▶ **Exercise goal**: Starting at the line that contains "当电感器可以放电时进行开关;", reproduce only the lines through the end of the data, exactly, including both the first and the last; skip the pictures.

▶ **Data for this task**:
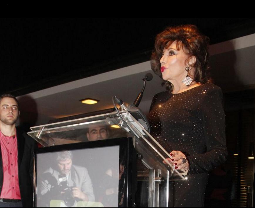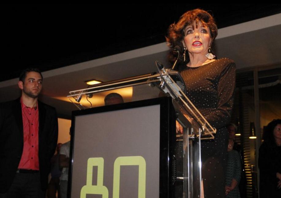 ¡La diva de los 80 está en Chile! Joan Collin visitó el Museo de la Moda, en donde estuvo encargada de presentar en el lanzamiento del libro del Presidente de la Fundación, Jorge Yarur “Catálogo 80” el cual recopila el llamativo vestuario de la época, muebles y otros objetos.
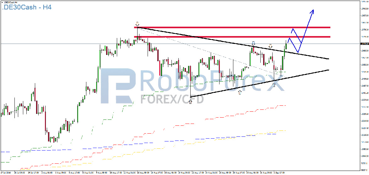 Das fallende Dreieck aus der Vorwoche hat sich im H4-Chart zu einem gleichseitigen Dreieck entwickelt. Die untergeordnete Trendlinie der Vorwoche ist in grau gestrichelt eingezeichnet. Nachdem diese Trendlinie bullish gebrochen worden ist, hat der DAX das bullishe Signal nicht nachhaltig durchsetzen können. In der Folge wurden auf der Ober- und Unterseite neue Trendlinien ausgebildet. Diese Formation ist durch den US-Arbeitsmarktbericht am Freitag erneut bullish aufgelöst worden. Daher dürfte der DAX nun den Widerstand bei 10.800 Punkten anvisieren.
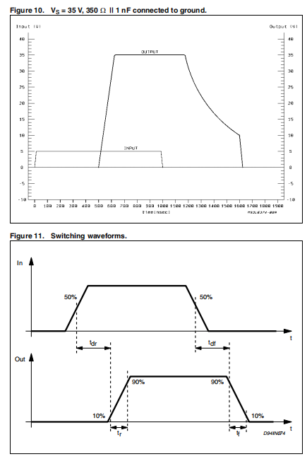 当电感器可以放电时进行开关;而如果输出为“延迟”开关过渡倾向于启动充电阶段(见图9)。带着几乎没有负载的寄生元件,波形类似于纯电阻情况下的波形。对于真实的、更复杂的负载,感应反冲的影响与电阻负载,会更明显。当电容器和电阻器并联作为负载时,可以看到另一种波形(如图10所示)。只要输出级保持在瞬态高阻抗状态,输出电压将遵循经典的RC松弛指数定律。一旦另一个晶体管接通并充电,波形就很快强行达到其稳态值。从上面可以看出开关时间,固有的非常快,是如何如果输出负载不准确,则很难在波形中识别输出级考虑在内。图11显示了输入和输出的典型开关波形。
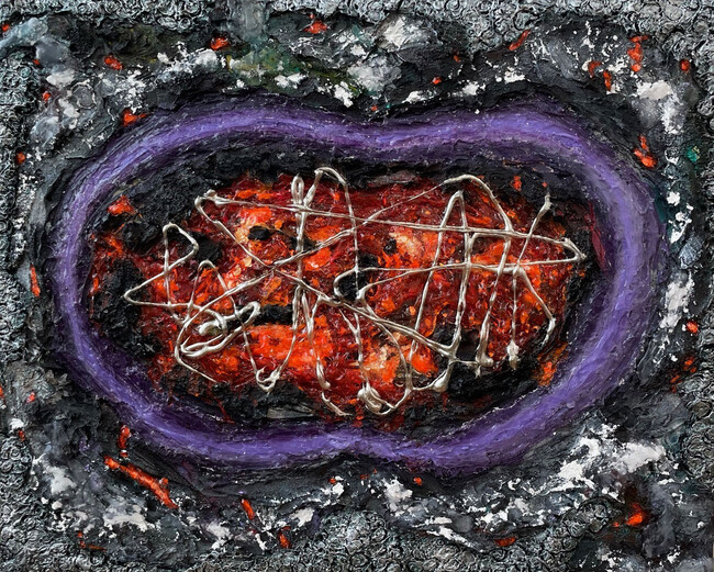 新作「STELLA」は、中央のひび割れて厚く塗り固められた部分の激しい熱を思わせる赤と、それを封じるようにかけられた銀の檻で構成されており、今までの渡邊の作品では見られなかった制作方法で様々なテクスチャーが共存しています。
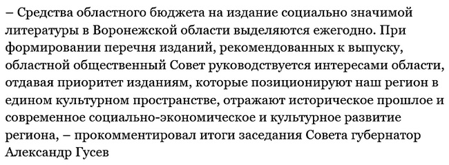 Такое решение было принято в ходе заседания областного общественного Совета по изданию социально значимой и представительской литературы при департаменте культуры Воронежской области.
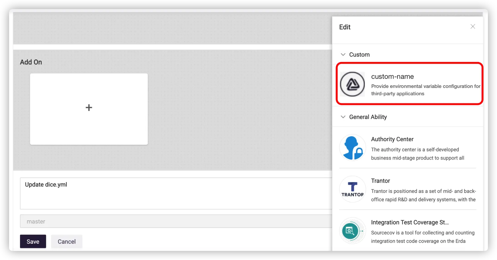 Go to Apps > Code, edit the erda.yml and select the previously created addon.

▶ **Your response**:
 当电感器可以放电时进行开关;而如果输出为“延迟”开关过渡倾向于启动充电阶段(见图9)。带着几乎没有负载的寄生元件,波形类似于纯电阻情况下的波形。对于真实的、更复杂的负载,感应反冲的影响与电阻负载,会更明显。当电容器和电阻器并联作为负载时,可以看到另一种波形(如图10所示)。只要输出级保持在瞬态高阻抗状态,输出电压将遵循经典的RC松弛指数定律。一旦另一个晶体管接通并充电,波形就很快强行达到其稳态值。从上面可以看出开关时间,固有的非常快,是如何如果输出负载不准确,则很难在波形中识别输出级考虑在内。图11显示了输入和输出的典型开关波形。
 新作「STELLA」は、中央のひび割れて厚く塗り固められた部分の激しい熱を思わせる赤と、それを封じるようにかけられた銀の檻で構成されており、今までの渡邊の作品では見られなかった制作方法で様々なテクスチャーが共存しています。
 Такое решение было принято в ходе заседания областного общественного Совета по изданию социально значимой и представительской литературы при департаменте культуры Воронежской области.
 Go to Apps > Code, edit the erda.yml and select the previously created addon.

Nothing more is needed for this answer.